— Я не осужден ни за какое преступление. Суда не было.
— В самом деле? — офицер поднял бровь. — Жалоба принята к сведению.
— Я хочу говорить с… с… — Тредэйн не мог вспомнить нужный термин. — С тем, кто здесь главный.
— С комендантом?
— Да.
— Просьба принята к сведению.
— Когда я смогу увидеть его?
— Вас уведомят.
— Сегодня?
— Маловероятно.
— Завтра?
— Невозможно.
— Долго придется ждать?
— Что такое «долго» по сравнению с вечностью!
— Тогда я хочу отправить письмо.
— Ваше право.
— Мне понадобятся перо, чернило и бумага.
— Разумеется.
— Ну так, можно мне?..
Тредэйн взглянул на стол, заваленный папками, документами и письменными принадлежностями.
— Просьба принята к сведению.
— Но вы можете хотя бы сказать…
— Вас уведомят.
— Но…
— Хватит. — Офицеру, как видно, наскучила забава, и он снова погрузился в уныние. Черкнув короткую запись в лежащей перед ним открытой книге, он коротко взглянул на пленника и уныло поинтересовался:
— Сколько лет?
— Тринадцать. Я…
— Тринадцать. Прекрасно. Это и будет твой номер. Как удачно, что номер тринадцать как раз свободен. Я люблю совпадения. Ты теперь Тринадцатый.
— Не понимаю, о чем вы говорите. Я — Тредэйн ЛиМарчборг, сын благородного ландграфа Равнара ЛиМарчборга. Я…
— Ты еще научишься мириться с тем, чего нельзя изменить, тринадцатый. Самые разумные из наших постояльцев именно так и делают. Я буду рассматривать такой подход как признак зрелости.
— Послушайте, это не шутка и не игра. Это… — Тредэйн вспомнил слова отца. — Насилие над справедливостью.
— Справедливость — весьма расплывчатое понятие, Тринадцатый. Ты еще поймешь это, если проживешь достаточно долго. — Откинувшись на спинку стула, офицер небрежно приказал: — Этого к полам.
— К полам? — Для Тредэйна это слово ничего не значило, но конвоирам все было ясно. Его вывели из комнаты и провели по гранитному лабиринту в дальнюю галерею. Там мальчика освободили от наручников и передали низкорослому надзирателю с лицом хорька, который провел Треда в пустую камеру, втолкнул внутрь, запер дверь и удалился.

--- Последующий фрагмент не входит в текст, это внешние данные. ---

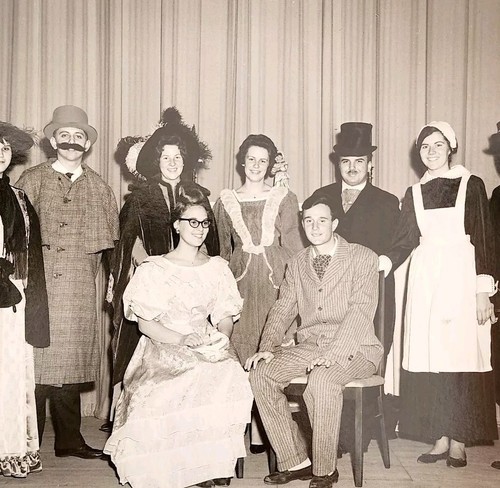 1963 Maskeraders Real Photo Maskers Play Theater Gentleman Upstairs NH E88N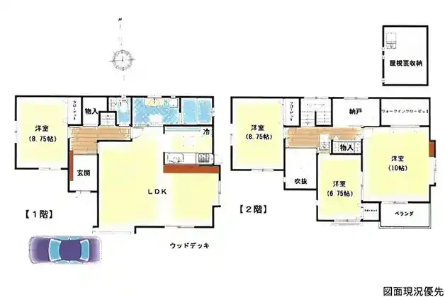 | 設備 | 温水洗浄便座、システムキッチン、カウンターキッチン、ウォークインクローゼット、床下収納、グルニエ、都市ガス、上水道、下水道、納戸、ウッドデッキ | ||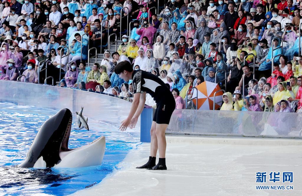 5月1日,飼養(yǎng)員在虎鯨科普秀活動(dòng)中給虎鯨投喂小魚“獎(jiǎng)勵(lì)”。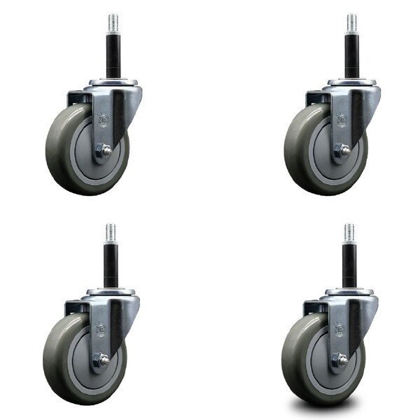 4'' SS Gray Poly Wheel Swivel 3/4'' Expanding Stem Caster Set, 4PK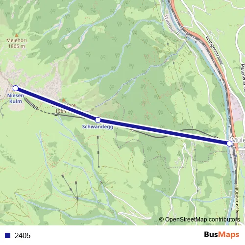 The first stop of the 2405 funicular route is Niesen Kulm and the last stop is Mülenen (Niesenbahn). 2405 is operational during täglich.
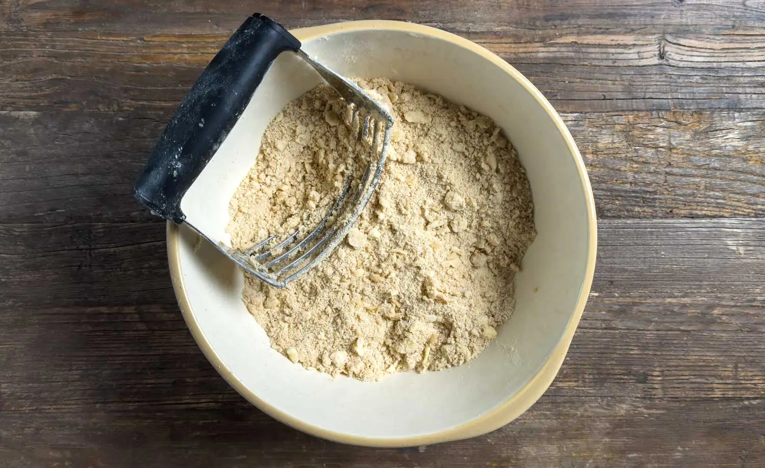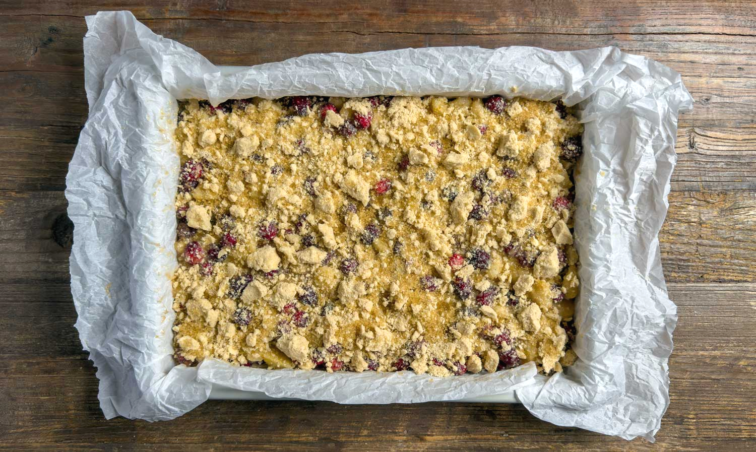 - Preheat oven to 350° with a rack in the center. Line a 13 x 9 baking dish or tin with parchment paper. I like to fully crumple the paper first, this way it fits into the dish easier. Whisk together 180g (1 1/3 cups) all-purpose flour, whole wheat flour, baking powder, 1/2 teaspoon salt, and light brown sugar in a medium size bowl. Add the butter, and using either your fingers or a pastry cutter, work in the butter until it is evenly distributed throughout the dry ingredients and resembles sand, but with a few bigger pieces scattered throughout. Pat 2/3 (about 400g) of this mixture into the lined pan and set the remaining third aside. It will be the streusel topping.

Тредэйн осмотрелся, не испытывая при этом особого любопытства. Помещение, хоть и тесное, было вдвое больше его камеры в Сердце Света. Здесь имелись: соломенный тюфяк, ведро, криво сколоченный маленький стол, трехногая табуретка, кувшин для воды и чашка. В крошечное незарешеченное окно был виден унылый, пустой в это время дня двор. Ни очага, ни жаровни. Ни лампы, ни свечи. Вместо двери — стальная решетка, сквозь которую из коридора можно в любое время наблюдать за происходящим в камере. Здесь на него могут смотреть, когда он ест, спит, облегчается… днем и ночью никуда не деться от посторонних взглядов.
Должен быть выход.
Из крепости Нул не бывает побегов.
Значит, это будет первый.
Надо было сосредоточиться на этой мысли и, по возможности, отогнать все остальные.
В Сердце Света заключенные проводили дни в одиночестве в крошечных камерах. В крепости Нул были другие порядки.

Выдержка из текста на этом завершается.